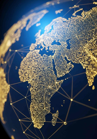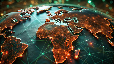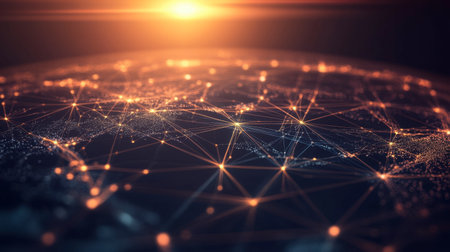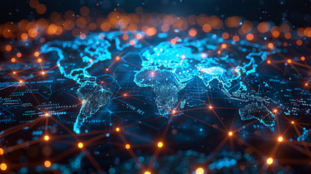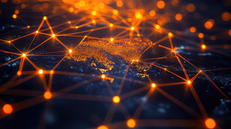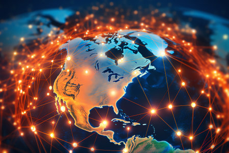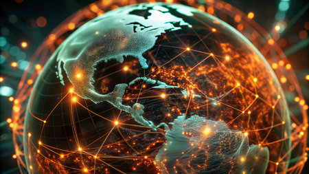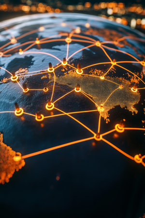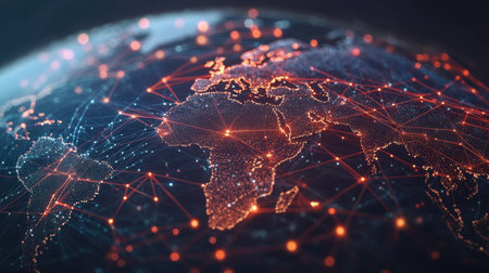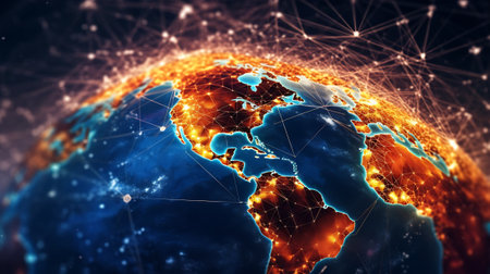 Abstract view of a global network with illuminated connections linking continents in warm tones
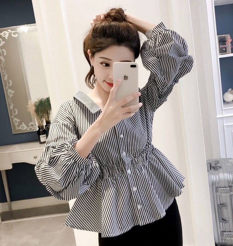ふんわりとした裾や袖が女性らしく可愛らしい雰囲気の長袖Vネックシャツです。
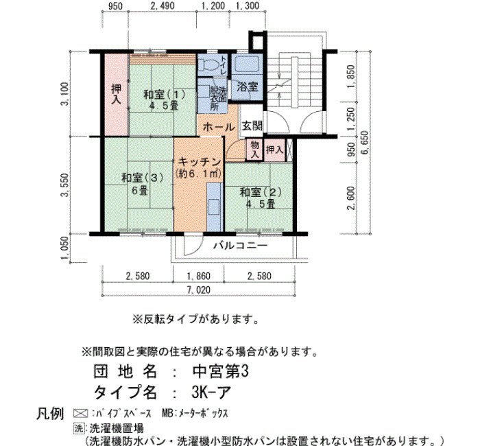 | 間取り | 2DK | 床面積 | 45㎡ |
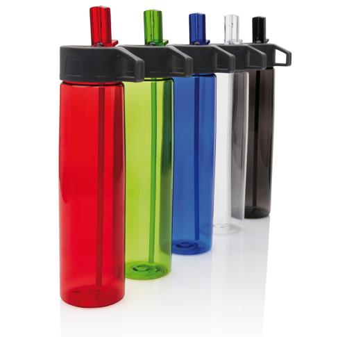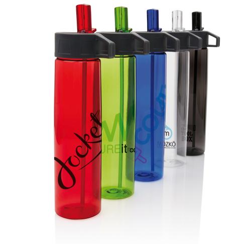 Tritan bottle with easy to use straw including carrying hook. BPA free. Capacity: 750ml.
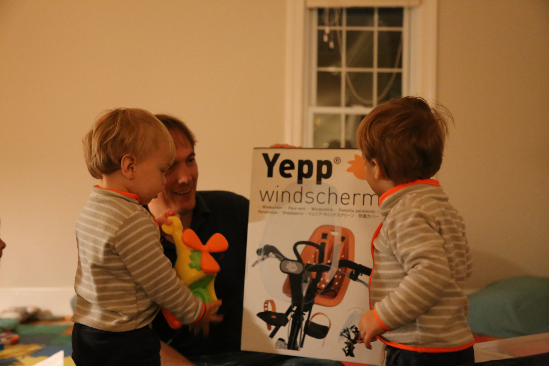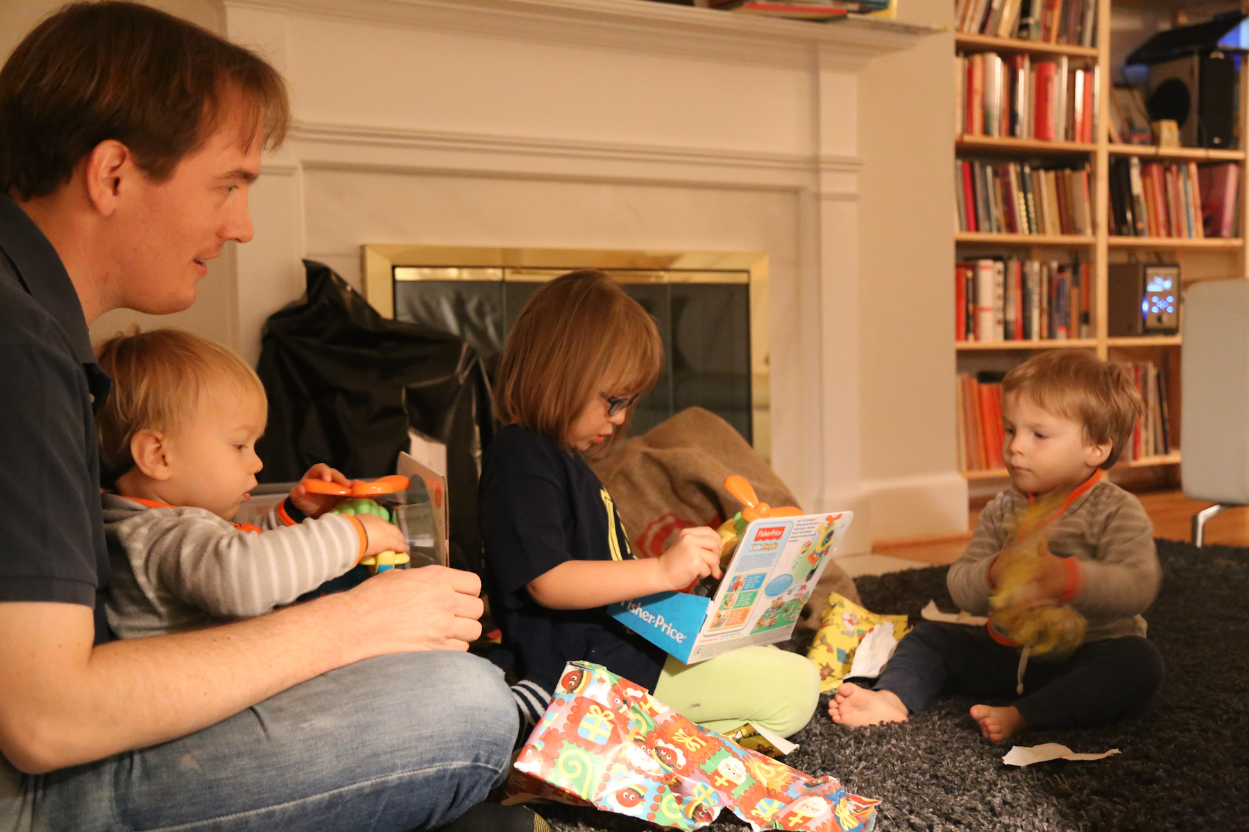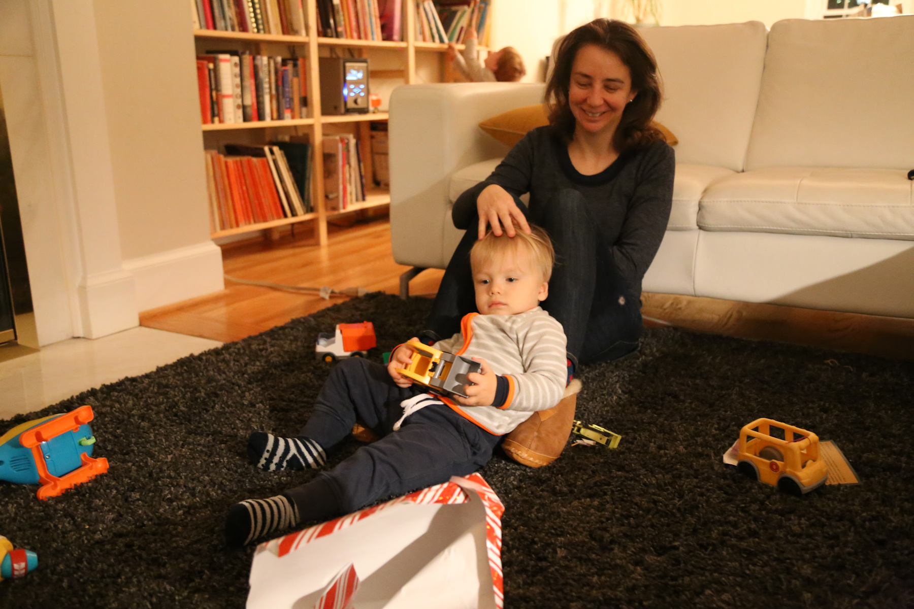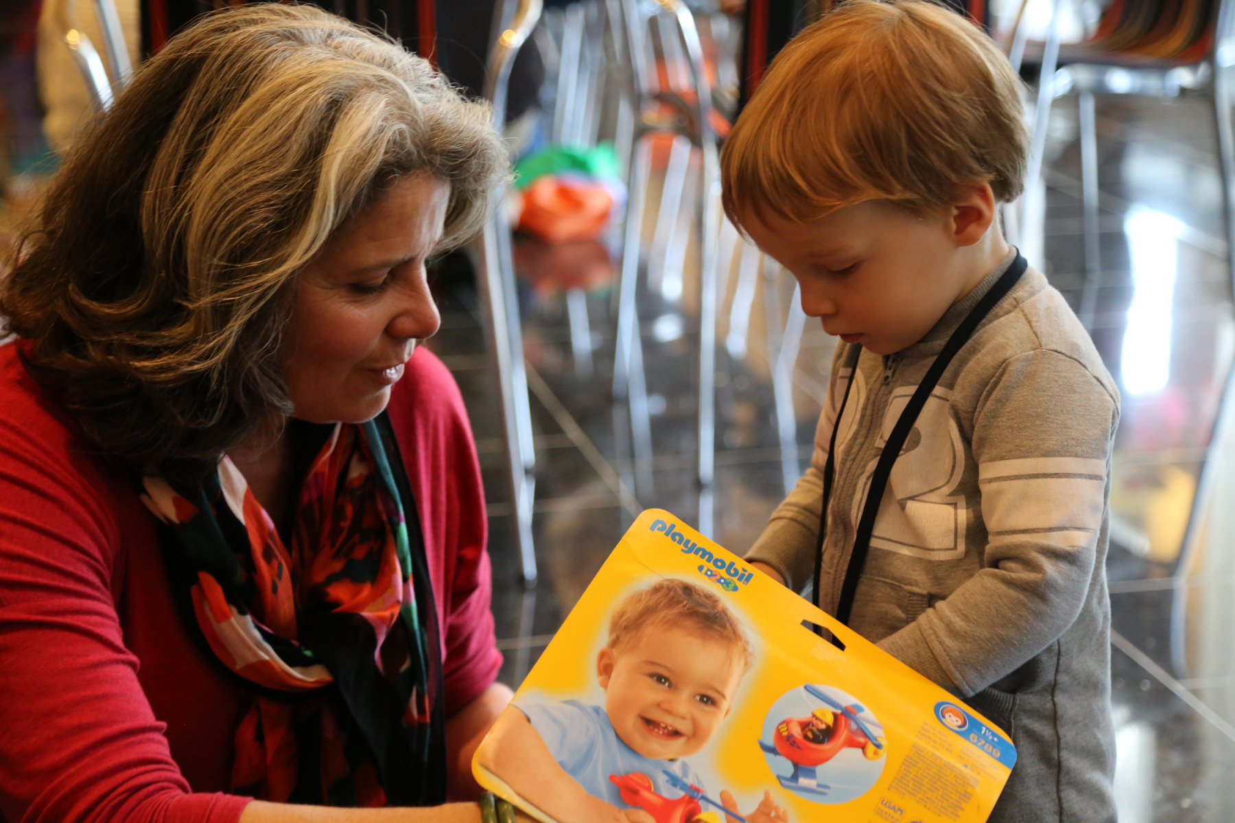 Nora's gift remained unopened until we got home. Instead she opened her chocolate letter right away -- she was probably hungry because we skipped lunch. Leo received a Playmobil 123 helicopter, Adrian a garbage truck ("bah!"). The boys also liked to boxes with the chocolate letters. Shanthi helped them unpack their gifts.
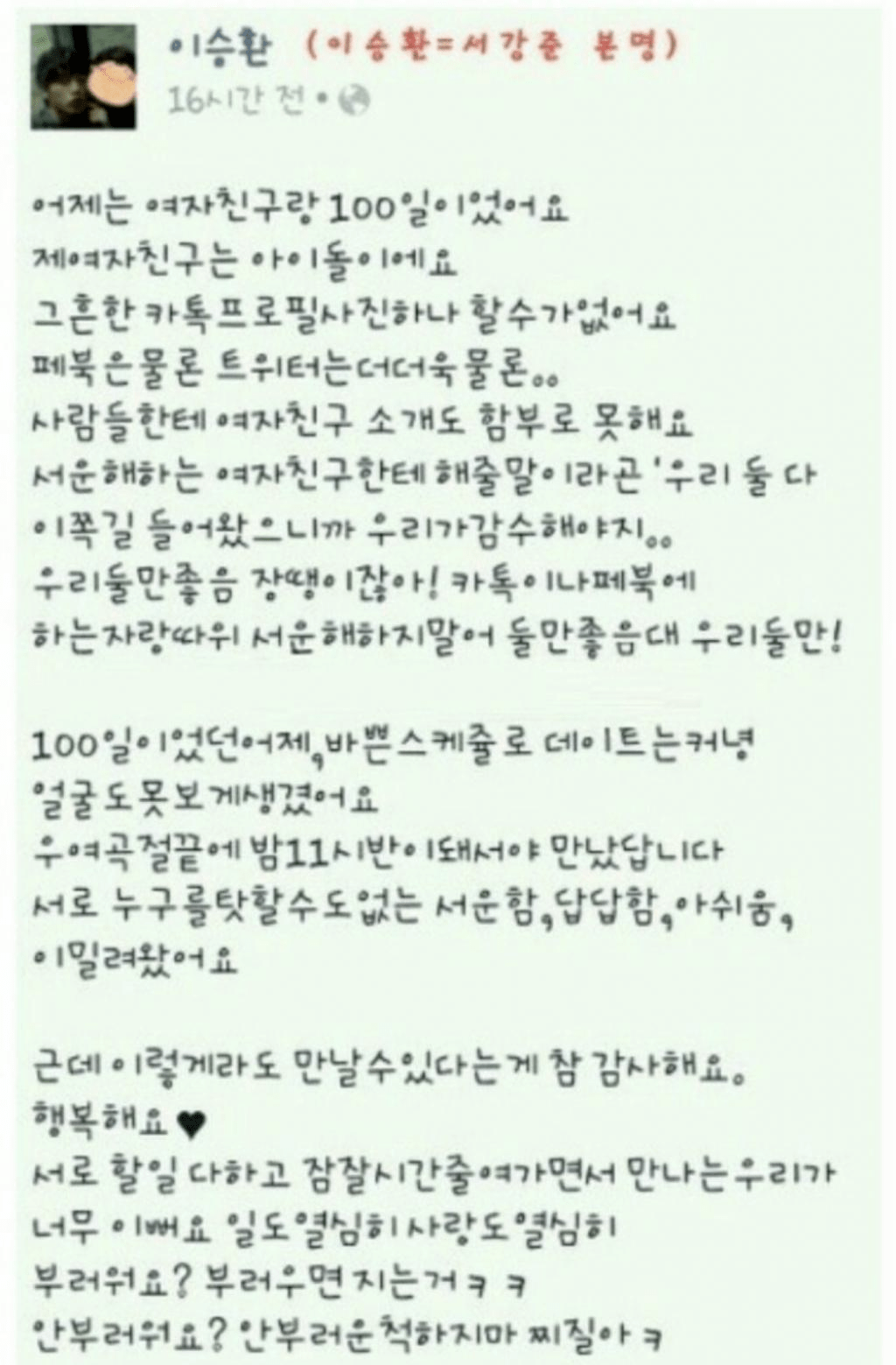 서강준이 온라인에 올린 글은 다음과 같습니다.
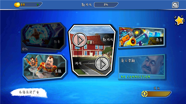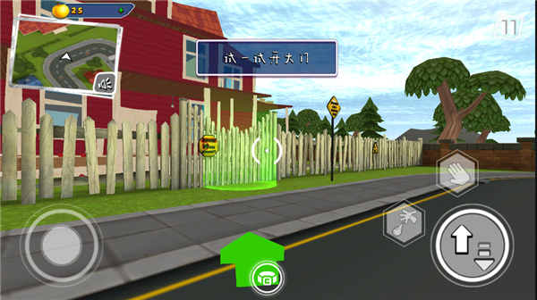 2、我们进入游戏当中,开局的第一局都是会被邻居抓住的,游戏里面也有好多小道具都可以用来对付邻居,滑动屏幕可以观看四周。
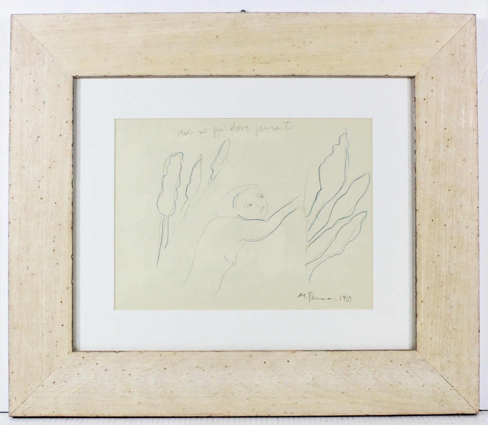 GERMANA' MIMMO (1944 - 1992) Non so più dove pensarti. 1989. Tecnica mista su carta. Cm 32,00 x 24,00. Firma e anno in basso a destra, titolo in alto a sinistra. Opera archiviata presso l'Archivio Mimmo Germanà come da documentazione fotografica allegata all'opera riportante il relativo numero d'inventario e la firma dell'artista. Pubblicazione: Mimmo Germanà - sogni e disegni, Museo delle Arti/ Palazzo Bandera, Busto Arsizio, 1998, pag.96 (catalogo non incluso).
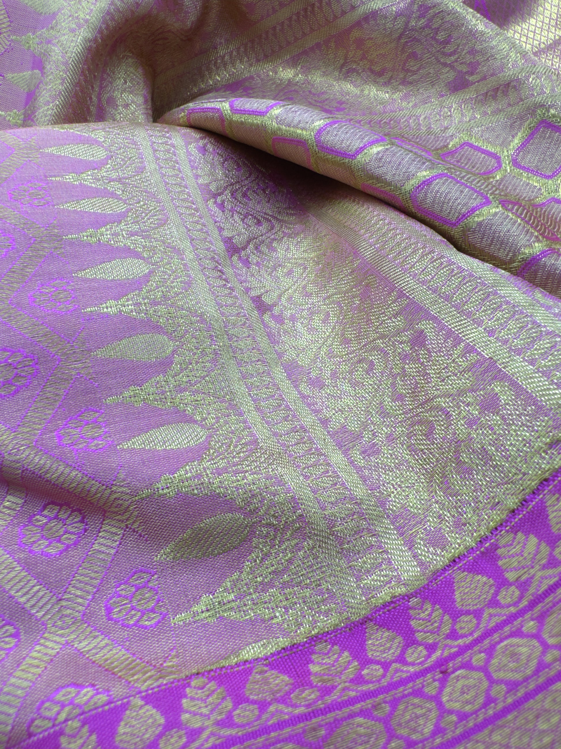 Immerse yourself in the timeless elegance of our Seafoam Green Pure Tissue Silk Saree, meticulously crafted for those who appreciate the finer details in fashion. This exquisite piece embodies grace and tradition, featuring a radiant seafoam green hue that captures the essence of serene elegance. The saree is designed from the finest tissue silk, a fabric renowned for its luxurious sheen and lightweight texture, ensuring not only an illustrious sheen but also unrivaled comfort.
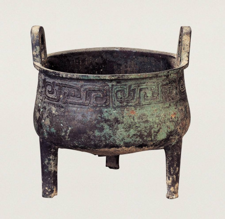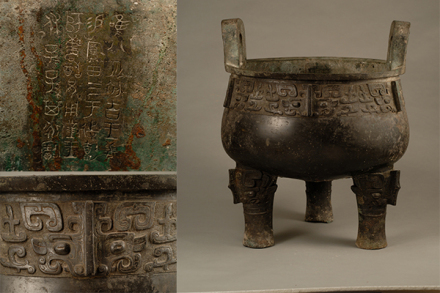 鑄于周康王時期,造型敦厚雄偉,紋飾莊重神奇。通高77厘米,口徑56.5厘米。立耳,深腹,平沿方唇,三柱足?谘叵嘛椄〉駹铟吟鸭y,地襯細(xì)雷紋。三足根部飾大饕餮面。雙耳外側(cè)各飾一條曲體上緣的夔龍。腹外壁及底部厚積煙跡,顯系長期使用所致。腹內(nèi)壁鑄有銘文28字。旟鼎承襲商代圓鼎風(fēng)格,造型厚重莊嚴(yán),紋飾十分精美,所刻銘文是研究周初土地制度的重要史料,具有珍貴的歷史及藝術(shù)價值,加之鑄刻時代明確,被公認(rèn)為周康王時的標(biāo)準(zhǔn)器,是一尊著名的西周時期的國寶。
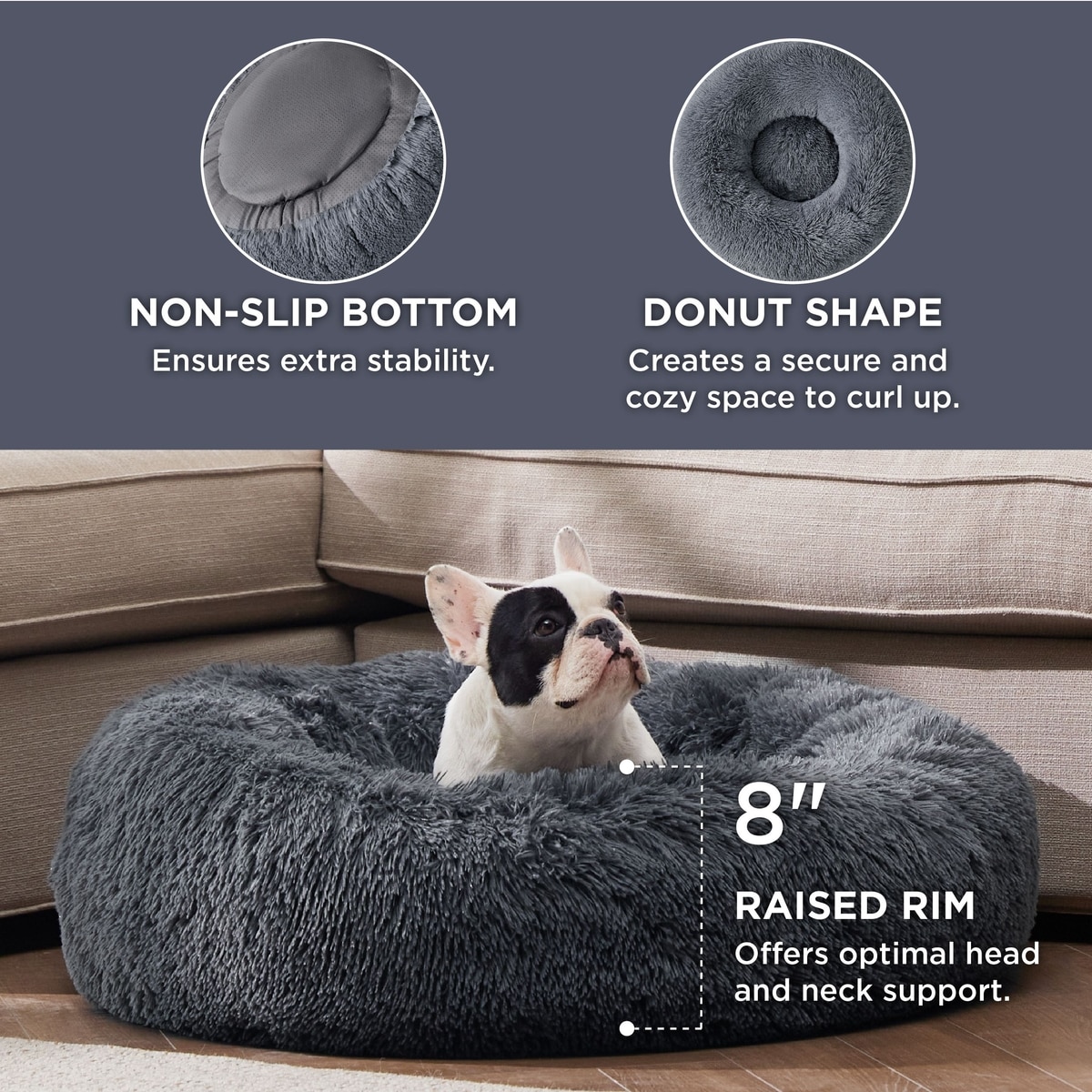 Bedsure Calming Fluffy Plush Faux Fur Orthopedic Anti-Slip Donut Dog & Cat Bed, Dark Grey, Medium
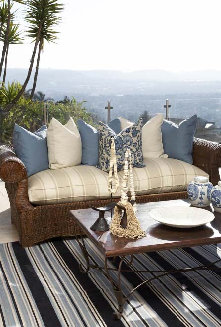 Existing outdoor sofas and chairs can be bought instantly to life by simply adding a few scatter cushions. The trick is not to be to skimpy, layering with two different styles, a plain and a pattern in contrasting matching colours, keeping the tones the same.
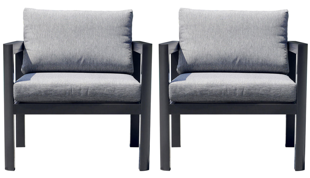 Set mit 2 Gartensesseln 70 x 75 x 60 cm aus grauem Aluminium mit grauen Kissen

TASK DETAILS → Keep to the lines above from the line with "Nora's gift remained" to the line with "Immerse yourself in", and set down exactly those, inclusive, with nothing else and every picture left out.

ANSWER SPACE →
 Nora's gift remained unopened until we got home. Instead she opened her chocolate letter right away -- she was probably hungry because we skipped lunch. Leo received a Playmobil 123 helicopter, Adrian a garbage truck ("bah!"). The boys also liked to boxes with the chocolate letters. Shanthi helped them unpack their gifts.
 서강준이 온라인에 올린 글은 다음과 같습니다.
 2、我们进入游戏当中,开局的第一局都是会被邻居抓住的,游戏里面也有好多小道具都可以用来对付邻居,滑动屏幕可以观看四周。
 GERMANA' MIMMO (1944 - 1992) Non so più dove pensarti. 1989. Tecnica mista su carta. Cm 32,00 x 24,00. Firma e anno in basso a destra, titolo in alto a sinistra. Opera archiviata presso l'Archivio Mimmo Germanà come da documentazione fotografica allegata all'opera riportante il relativo numero d'inventario e la firma dell'artista. Pubblicazione: Mimmo Germanà - sogni e disegni, Museo delle Arti/ Palazzo Bandera, Busto Arsizio, 1998, pag.96 (catalogo non incluso).
 Immerse yourself in the timeless elegance of our Seafoam Green Pure Tissue Silk Saree, meticulously crafted for those who appreciate the finer details in fashion. This exquisite piece embodies grace and tradition, featuring a radiant seafoam green hue that captures the essence of serene elegance. The saree is designed from the finest tissue silk, a fabric renowned for its luxurious sheen and lightweight texture, ensuring not only an illustrious sheen but also unrivaled comfort.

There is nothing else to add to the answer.